I've never seen this behaviour in bucks, who in my experience pee and dribble everywhere they can. Lovely.


----------



## We Love Mouse

All of my does and a group of 3 bucks always pee in one corner of the cage and nowhere else. This makes the spot clean so much easier to me. They poop all over the cage though :roll:


----------



## MojoMouse

Mice, particuarly females, instinctively prefer to pee in a corner away from their food and sleeping quarters. They poop a lot in the corner, but are not as careful with this and can poop around the place generally, especially under wheels. It's the pee that's handy to be able to spot clean though.

Females with babies are especially fastidious, but non pregnant females in a colony will also use a toilet corner with as bit of encouragement by way of enclosure arrangement.

You can encourage this by:

- Always arranging their enclosures in the same way - ie a hide and some bedding at one end, food close by at this end, wheel if you give them one somewhere in the middle. This leaves the them a choice of toilet corners at the other end.

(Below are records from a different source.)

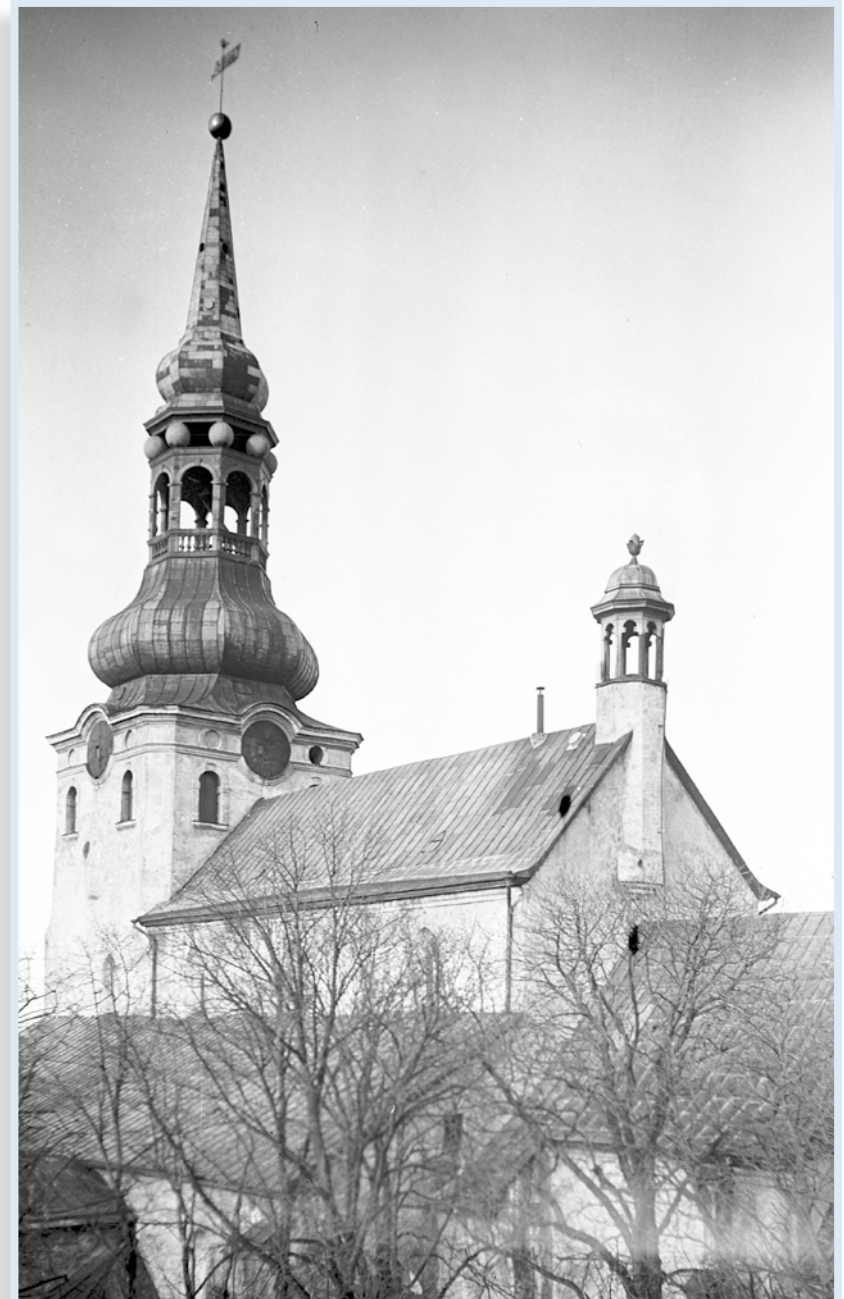
Toomkirik 20. sajandi alguses.

Toomkool muutus aja ajapikku baltisaksa noormeeste kooliks, mis suleti mõneks ajaks venestusajal 19. sajandi lõpus. 1939. aasta oktoobris, kui algas baltisakslaste ümberasumine, sulges toomkool oma ukse. Tundus, et selle vana ja väärika kooli ajalugu on läbi saanud. 2011. aastal taastati aga toomkool väikese kristliku erakoolina, mis peab end toomkooli sajandeid püsinud vaimsuse edasikandjaks.
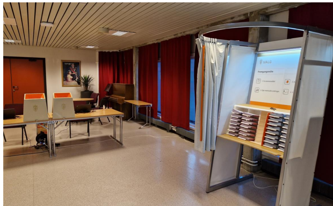
Bilde av kommunestyresalen rigget til forhåndsstemming ved kommunestyre- og fylkestingsvalget 2023.
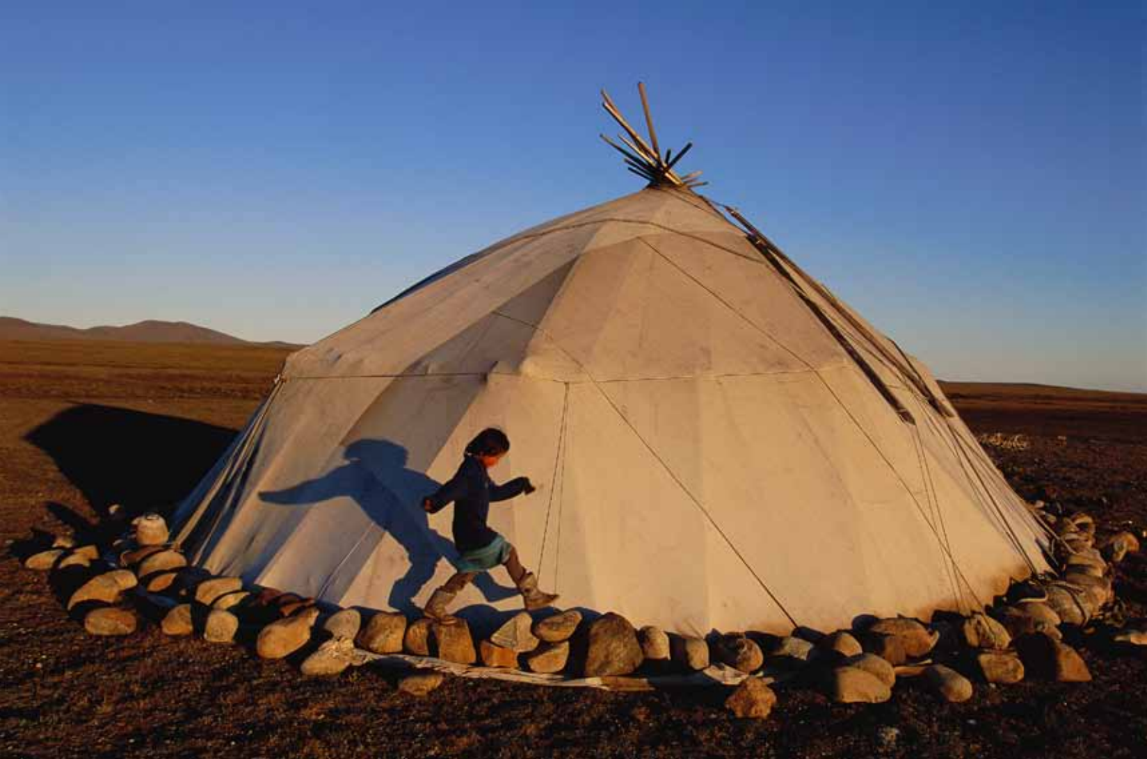
Staffan jobbar med reportagefotografering och värjer sig litet mot att kallas för naturfotograf..

historia. Som föreläsare bjuder han publiken på berättelser från verkligheten, som både är underhållande och lite tragiska. Inkonsekvens är ett återkommande inslag på Staffans föredrag.
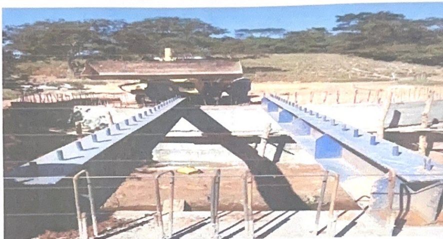
FIGURA 1 MESO ESTRUTURA CONCRETADA

CONSTRUÇÃO DA PONTE DO CORRÉGO DO RIO VERMELHO ZONA RURAL PREFEITURA MUNICIPAL DE ALVORADA DE MINAS/MG CONTRATO ADMINISTRATIVO Nº 013/2023.

- When you clean out the container and change the substrate, put a tiny bit of peed substrate in one of the far corners. When they run around and explore, they'll smell this and instinctively go back there to pee.

- Stick to the arrangement and same pee corner after every clean. If they don't immediately, soon they will start using the toilet corner regularly.

Males are different, though. They'll pee in a corner, but you probably won't notice because they scent mark everywhere. That's boys for you.


----------